Belonging to a farming family, Raghava’s parents wanted him to get a job and got him to do an MBA. “But I wanted to start a business venture. I would read stories about new start-ups being set up every now and then,” he recalls. Raghava completed the MBA and then one day, when he attended a workshop on organic farming, realised his calling lay in natural farming.

His family had 21 acres where they grew coconut, paddy, fruits and so on but with chemical inputs. Raghava decided to turn the entire patch organic. The family opposed this. He had not taken up a job and now he wanted to change farming practices. Then Raghava decided not to send his kids to school. The family became positively alarmed.

“In school, they teach them in Class 5 that genetically modified is the way to feed the world so how can we expect them to inculcate quality education in our children?” he points out. His nine-year-old daughter, Vishishta, had put up a stall in the organic convention along with her mother where she sold organic seeds.

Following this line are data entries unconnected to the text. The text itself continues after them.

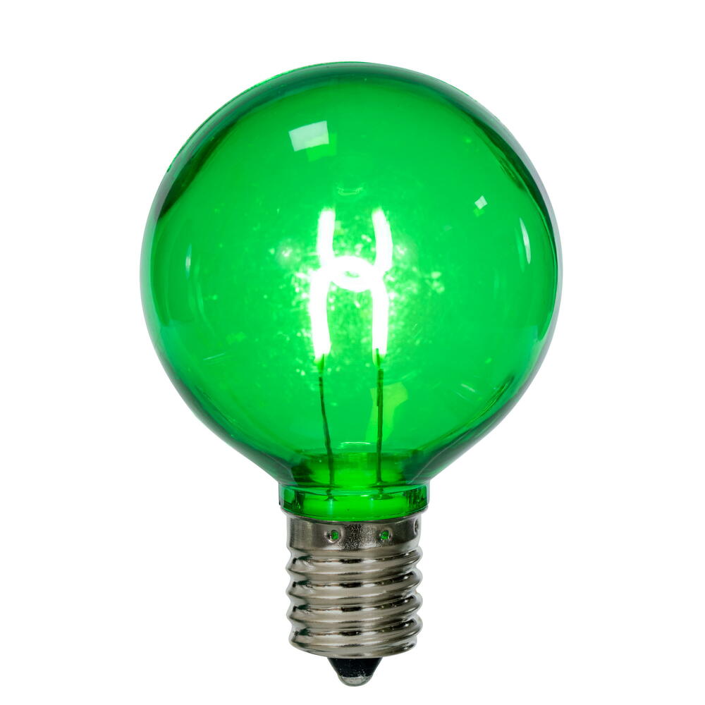 Vickerman G50 Transparent U-Shaped Filament Green Bulb, E17 Base, .6 Watts, 25 Pcs Assorted/Bag. Colors included are Blue, Red, Green, Purple and Amber.
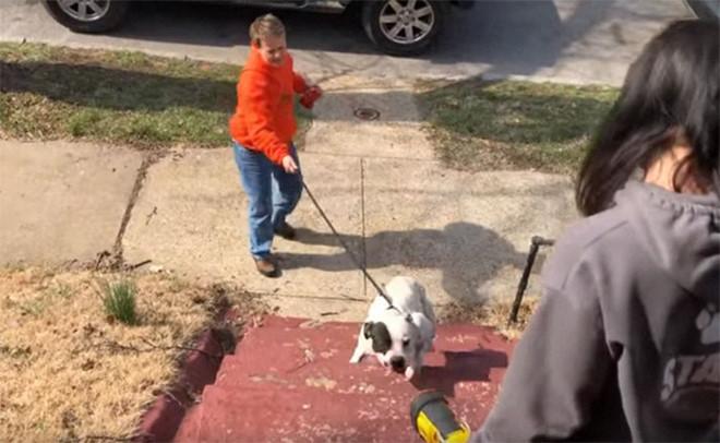 Người chủ mới của căn nhà đã kịp thời giải cứu nàng pitbull. Vì vẻ phấn khích không ngừng, chú được mọi người đặt tên là Jumping Bean.
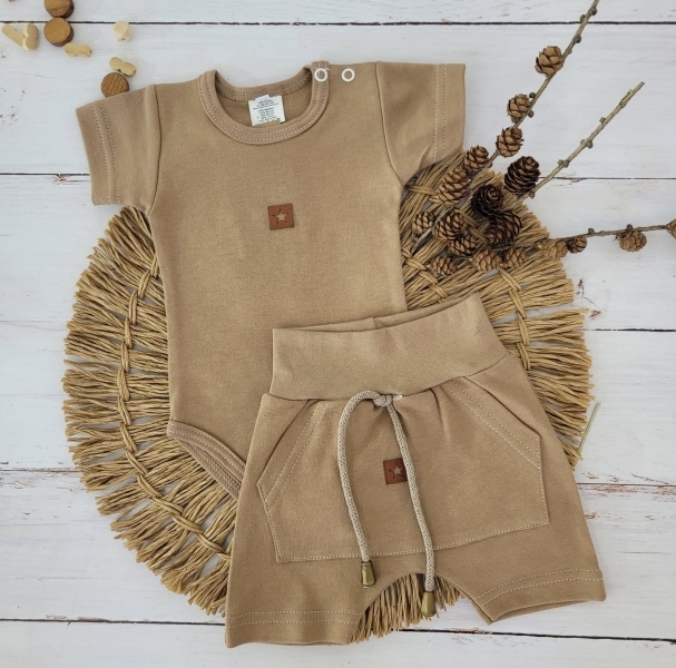 Body krátký rukáv + Baggy s klokaní kapsou, 2D sada Z&Z - sv. hnědá, vel. 68; 68 (3-6m)
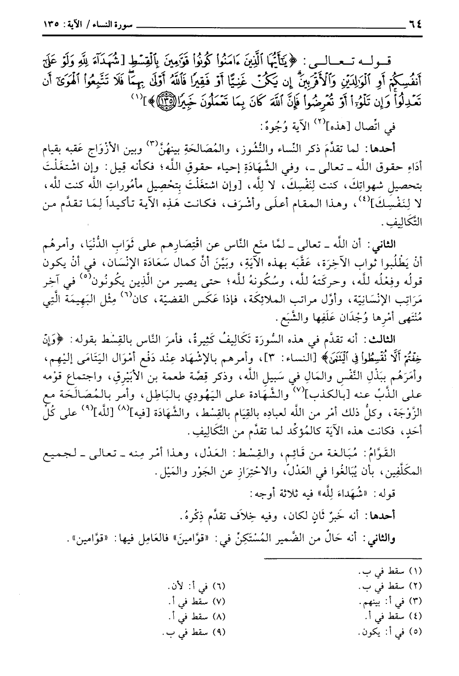 أحدها: لما تقدَّمَ ذكر النِّساء والنُّشُوز، والمُصَالحَةِ بينهُنَّ وبين الأزْوَاج عَقبه بقيام أدَاءِ حقوق اللَّه - تعالى -، وفي الشَّهَادَةِ إحياء حقوقِ اللَّه؛ فكأنه قِيل: وإن اشْتغَلْتَ بتحصيلِ شهواتِكَ، كنت لِنَفْسِكَ، لا لِلَّه، [وإن اشتغَلْتَ بِتحْصِيل مأمُوراتِ اللَّه كنت للَّه، لا لِنَفْسِكَ] ، وهذا المقام أعلَى وأشْرَف، فكانت هَذِه الآية تأكيداً لِمَا تقدَّم من التَّكَالِيفِ.
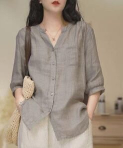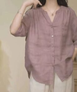 Vapetix M-3XL Korean Version Art Deco Retro Summer Thin Cotton Linen Shirt Women Loose V-Neck Blouse Jacket Casua
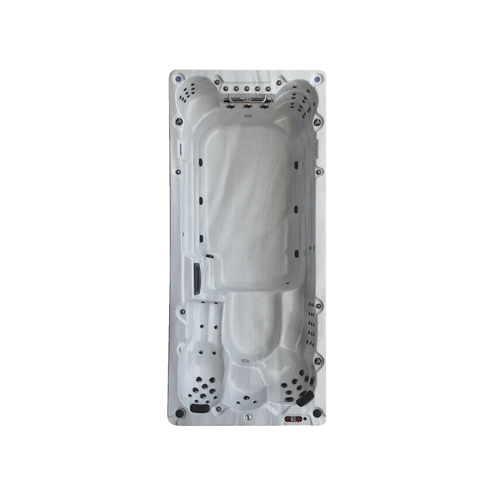 The 16ft. St. Lawrence Swim Spa is the perfect all-around solution for all your swimming and relaxation needs. It features various seating styles, including a Captain’s Chair with headrest, Coach’s Chair, barrier-free bench, and an exclusive stand-up chair for a deep-tissue leg massage. The 16ft. St. Lawrence is packed with 72 adjustable and interchangeable hydrotherapy jets, along with 2 wide river jets powered by four 16.4-amp, 5 horsepower pumps which create strong yet smooth currents and 3 high pressure swim jets so that you can swim, jog, walk or exercise as the ongoing stream keeps your balance and enables effective hydro training. Our spas use Glacier filtration and a built-in ozone generator to keep your water crystal clear without hassle - letting you focus on enjoying your time in the spa, rather than caring for it! The spa's LED lighting, built-in Bluetooth audio, aromatherapy system, and cascading waterfalls, create a full-sensory experience, making it the perfect complement to your backyard!
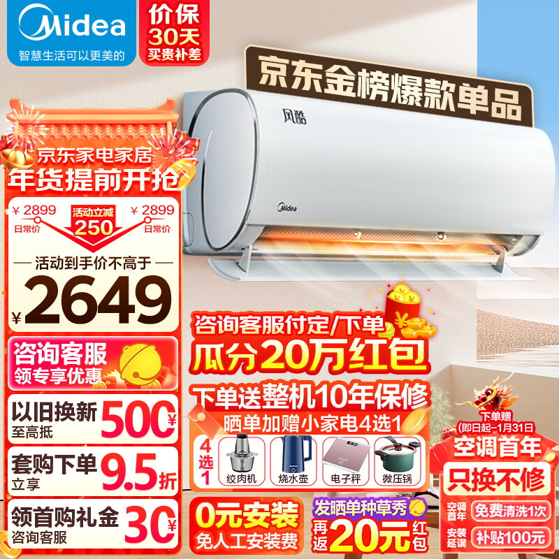 美的(Midea)空调 1.5匹 风酷 新一级能效变频冷暖智能家电 壁挂式空调挂机 KFR-35GW/N8XHC1Ⅱ 多仓直发价格:2649.00元!
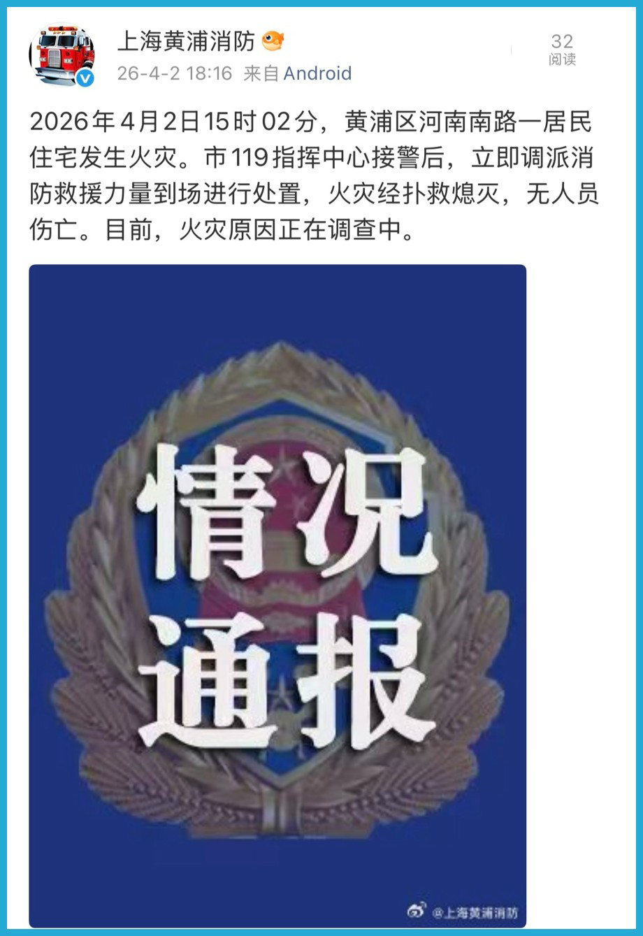 今天(4.2)下昼3时02分许,黄浦区河南南路398弄太阳齐市花圃小区南区一住户家发生失火,消防部门到场料理,失火未形成东说念主员伤一火。
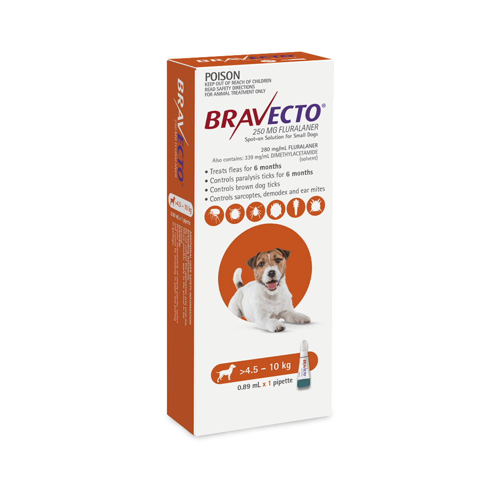 Bravecto Spot On For Dogs Orange 4 5 10kg 2 Pack.
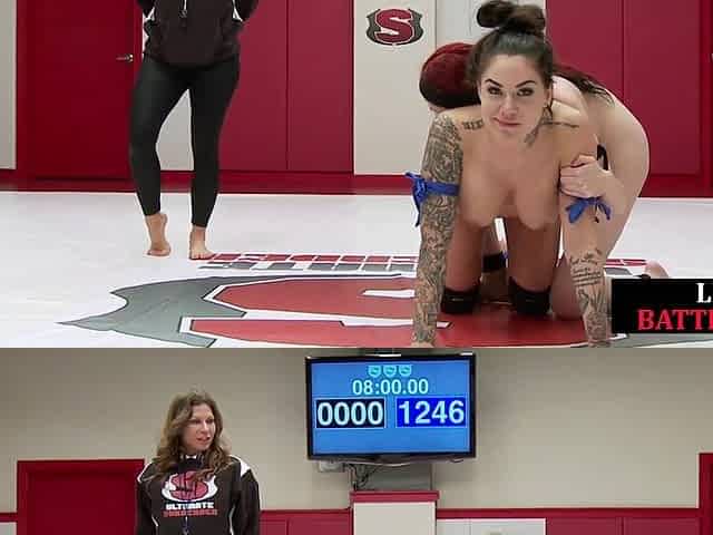 ULTIMATE SURRENDER - Wrestling dyke with small boobs fights busty MILF and wins
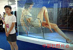 在中國各地舉辦的服裝服飾展示會上,越來越多的服裝廠家采用各種新穎的形式進(jìn)行商業(yè)促銷。圖為江蘇服裝博覽會現(xiàn)場,一廠商用真模特做廣告宣傳內(nèi)衣。中新社記者 錢興強(qiáng) 攝

Both she and her five-year-old brother, Varchas, are full-time farmhands at their farm in Davangere, Karnataka.

The entry into natural farming was not without its missteps. It normally takes three years to convert coconut trees to organic. “But in 1999, three years after I began, I lost the entire crop. That made me realise how wrongly I had understood organic farming. I attended many more seminars and went to stay at other people’s farms to learn more. I got a good crop only after another three years.”

Natural farming also made him take up naturopathy for small illnesses that occured in the family. “For instance, with the help of some exercises, I was able to get rid of my glasses which I had been wearing for many years,” he says.

Today, a lot of people visit Raghava’s farm to learn about organic farming. He has a diverse crop of vegetables, tubers, medicinal and aromatic plants, ornamental plants, fruit trees and those used only for timber, besides coconut and paddy which take care of the entire financial needs of his family. And they are a family that loves to travel.